Hi folks - I have been sent an application form in Word which when printed out tends to lose some text in the pre-set fields. I wanted to increase the row heights to see if I could get all the text printing out, but the pre-set fields (i.e. fields with information and headings supplied as part of the form) cannot be selected for editing - all options are greyed out. Even "Edit/Select All" appears to be disabled.

Is this form locked in some way so it can't be edited? I did a very preliminary google search which suggests that documents can be locked in this way, and I can see the advantages for form submissions by email - but is there a way to solve the printing problem so I can get a hard copy printed out without missing text?

Many thanks for any help


----------



## cronista

KrashedKris:

The form was made by a template and locked by the author.
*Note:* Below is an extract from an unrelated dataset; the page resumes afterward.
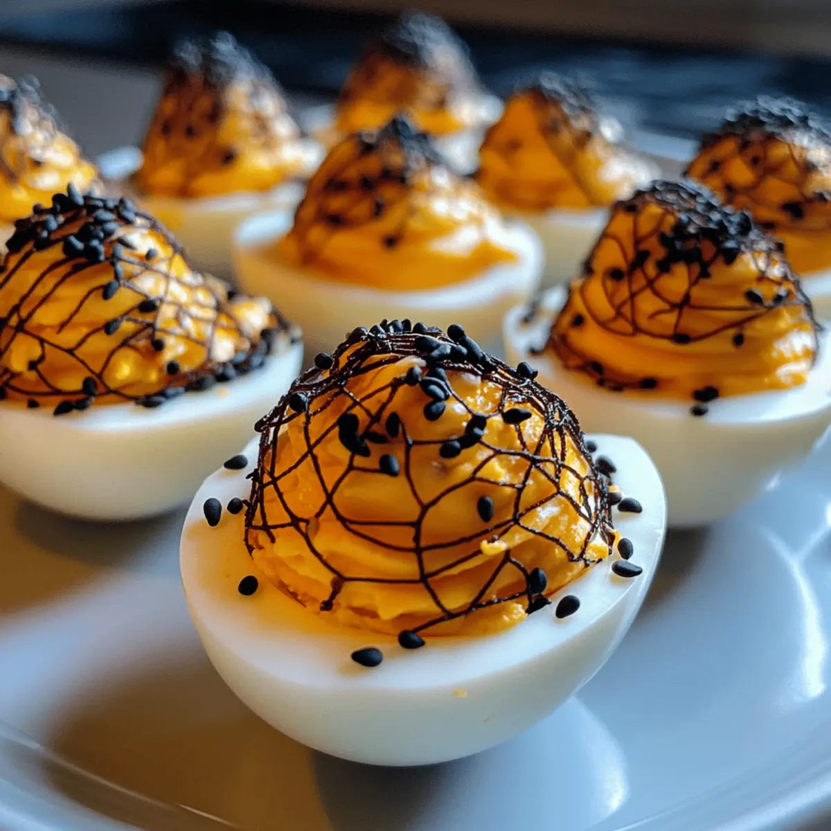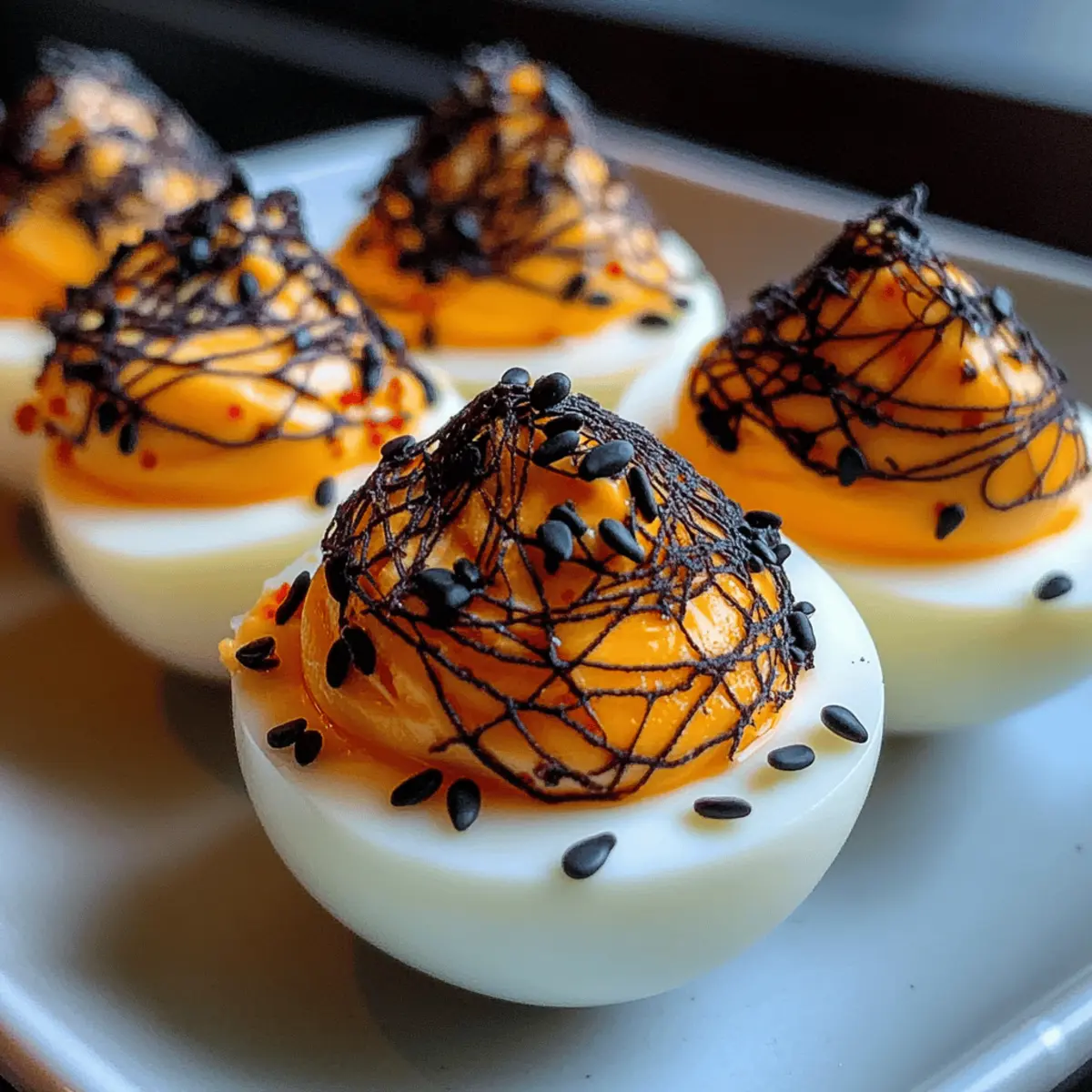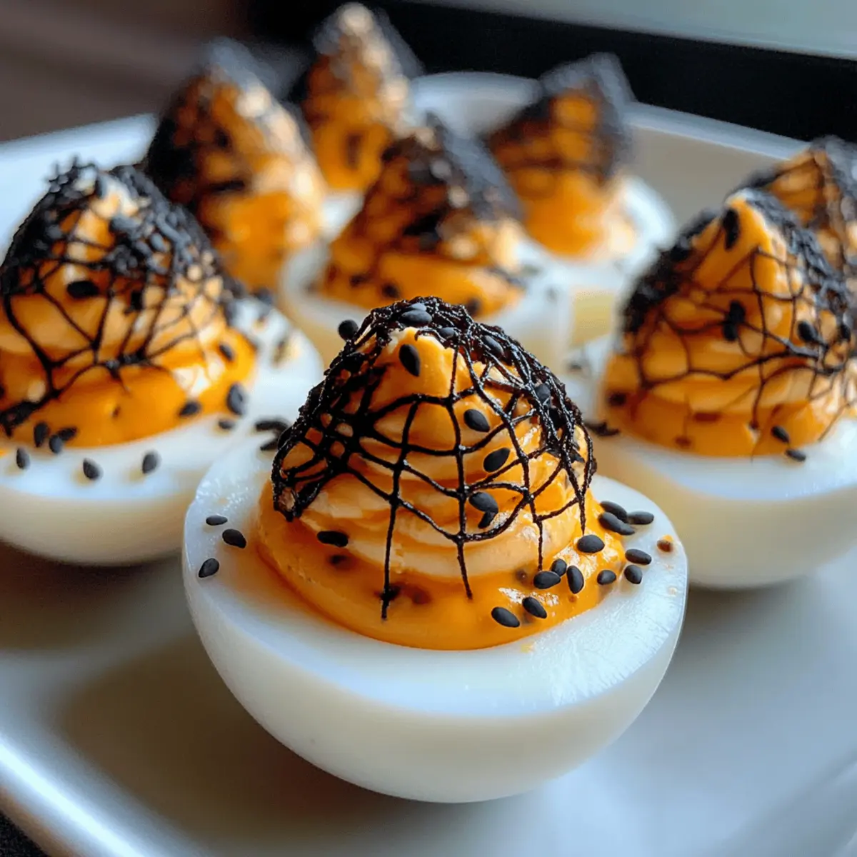 Jump to Recipe Print RecipeThe kitchen was filled with laughter and a hint of mischief as my friends and I planned our Halloween gathering. Amid the usual chatter about costumes, one idea transformed the air: Spooky Spiderweb Deviled Eggs! These fun, eerie bites not only make for a visually captivating appetizer but also pack a creamy, tangy punch that will leave guests raving. Plus, they’re quick to whip up and perfect for those of us ready to ditch the fast food in favor of homemade creations. Embrace the spirit of the season with these delightful eggs that are both vegetarian-friendly and low-carb. Curious about how to make your appetizer the highlight of the night? Let’s dive in! Why Are These Deviled Eggs So Unique? Creativity: Transform traditional deviled eggs into a Halloween showstopper with a striking black spiderweb design that will wow your guests! Ease: Quick to prepare, these delights require minimal ingredients and simple techniques that make cooking a breeze, ideal for both beginner cooks and seasoned chefs. Flavorful Twist: The creamy, zesty filling bursting with flavors from Dijon and apple cider vinegar ensures that every bite is a delicious experience. Versatile Options: Adjust the filling to suit your taste, like swapping grease for Greek yogurt in order to create a lighter dish. Explore ideas like adding a dash of hot sauce or vibrant orange for a festive flair! Crowd-Pleasing: Perfectly suited for any Halloween gathering, these Spooky Spiderweb Deviled Eggs are bound to be a crowd favorite, leaving everyone clamoring for more! If you love creative appetizers, you might also enjoy making Black Velvet Cake as a spooky dessert. Spooky Spiderweb Deviled Egg Ingredients • Get ready to make these delicious, Halloween-themed treats with the following ingredients! For the Eggs Eggs – Hard-boiled is the perfect base for traditional deviled egg flavor. Water – Essential for soaking the eggs to create the spiderweb effect, ensure you cover them completely. White Vinegar – Used in the soaking water to help set the color on the egg whites. For the Filling Mayonnaise – Adds creaminess to the yolk filling; Greek yogurt can make a healthy swap! Dijon Mustard – Enhances the filling with a tangy flavor; feel free to use yellow mustard for a milder kick. Apple Cider Vinegar – Brings tartness to the mixture; lemon juice works as a tasty alternative. Kosher Salt – Vital for seasoning throughout the dish; sea salt is a suitable substitute. Black Pepper – Adds warmth; optional if you prefer a milder taste. For the Garnish Smoked Paprika – A sprinkle adds both flavor and color; regular paprika can be used if needed. Black Sesame Seeds – Provides a decorative touch; poppy seeds can be a fun alternative. Chives – Offers freshness as an optional garnish; green onions work well too. With these ingredients, you’ll be all set to create the unforgettable Spooky Spiderweb Deviled Eggs that scream Halloween fun while being vegetarian-friendly! Step‑by‑Step Instructions for Spooky Spiderweb Deviled Eggs Step 1: Crack the Eggs Begin by gently tapping the hard-boiled eggs on a hard surface to create fine cracks on the shells. Aim for a delicate approach, as you only want to fracture the outer layer, not break them apart. Once cracked, place the eggs into a bowl, ready for the next step. Step 2: Prepare the Soaking Solution In a separate bowl, combine enough water to fully submerge the eggs with a generous amount of black food coloring gel and a splash of white vinegar. Stir the mixture well until the color is evenly distributed. This solution is essential for achieving the iconic spiderweb pattern in your Spooky Spiderweb Deviled Eggs. Step 3: Soak the Eggs Submerge the cracked eggs in the prepared soaking solution, ensuring they’re fully covered. Place the bowl in the refrigerator and let the eggs soak for at least 3 hours, or ideally overnight, allowing the color to properly set and the spiderweb design to form. Step 4: Rinse and Peel After soaking, take the eggs out and rinse them under cool running water. This step helps to remove any excess color. Then, carefully peel the shells off to reveal the beautiful spiderweb pattern on the whites, making sure to be gentle to maintain the design intact. Step 5: Prepare the Filling Cut each egg in half lengthwise and scoop the yolks into a mixing bowl, discarding the egg whites. Use a fork to mash the yolks until smooth before adding mayonnaise, Dijon mustard, apple cider vinegar, kosher salt, and black pepper. Mix thoroughly until the filling is creamy and well-blended, ready to be piped back into the whites. Step 6: Add Color & Garnish For an extra spooky flair, feel free to add a few drops of black food coloring into the yolk mixture and stir until combined. Once the filling is ready, you can use a piping bag or a zip-top bag with a snipped corner to fill each egg white generously, creating a pleasing swirl that enhances the look of your Spooky Spiderweb Deviled Eggs. Step 7: Finish with Garnishes Finally, lightly dust the filled deviled eggs with smoked paprika and sprinkle with black sesame seeds for a decorative touch. Optionally, add finely chopped chives to each egg as a fresh garnish. The final presentation is not only appetizing but also adds a festive Halloween charm! Step 8: Serve and Enjoy Place the finished Spooky Spiderweb Deviled Eggs on a festive platter for serving. Chill them for a bit longer if needed before serving for the best texture. Watch your guests marvel at this creepy yet delightful Halloween treat, perfect for sharing at your gathering! How to Store and Freeze Spooky Spiderweb Deviled Eggs Fridge: Store any leftover Spooky Spiderweb Deviled Eggs in an airtight container for up to 3 days. Make sure to keep them chilled to maintain freshness. Make-Ahead: You can prepare the egg whites and yolk filling up to 24 hours in advance. Store them separately in airtight containers until ready to assemb

I don't think you can change any of the table's attributes.

A few months ago, I had to make a form to be completed by about a dozen people in about a dozen countries. I wanted to limit them to the number of characters they could put in a particular table row (in actually it was a field, but to the user looks like a row). I got several complaints, but was successful in making them limit the response to a few words. 

Best Regards,
Cronista


----------



## cristobal03

You can import a document into a new document to remove any document protection. Dreamboat has an article about it at www.officearticles.com.

HTH

chris.


----------



## cronista

Cristobal:
I'm a little confused, I think.
If someone sends me an employment application form, or a non-disclosure agreement form, or any other kind of form that I must complete and return by e-mail, why would I want to import another document into that form? And, even if I were able to do so, how would that remove the locked condition from the template?
Cordially,
Cronista


----------



## cristobal03

Sorry I wasn't more clear, and I might not have said anything relevant to the thread (I was on the phone when I posted). My suggestion was to import the document with the locked table into a new, blank document, which should copy the document's content without including any document protection. That way the original poster ought to be able to edit the table's structure as desired. I don't know if the same principle applies to locked tables, but it should.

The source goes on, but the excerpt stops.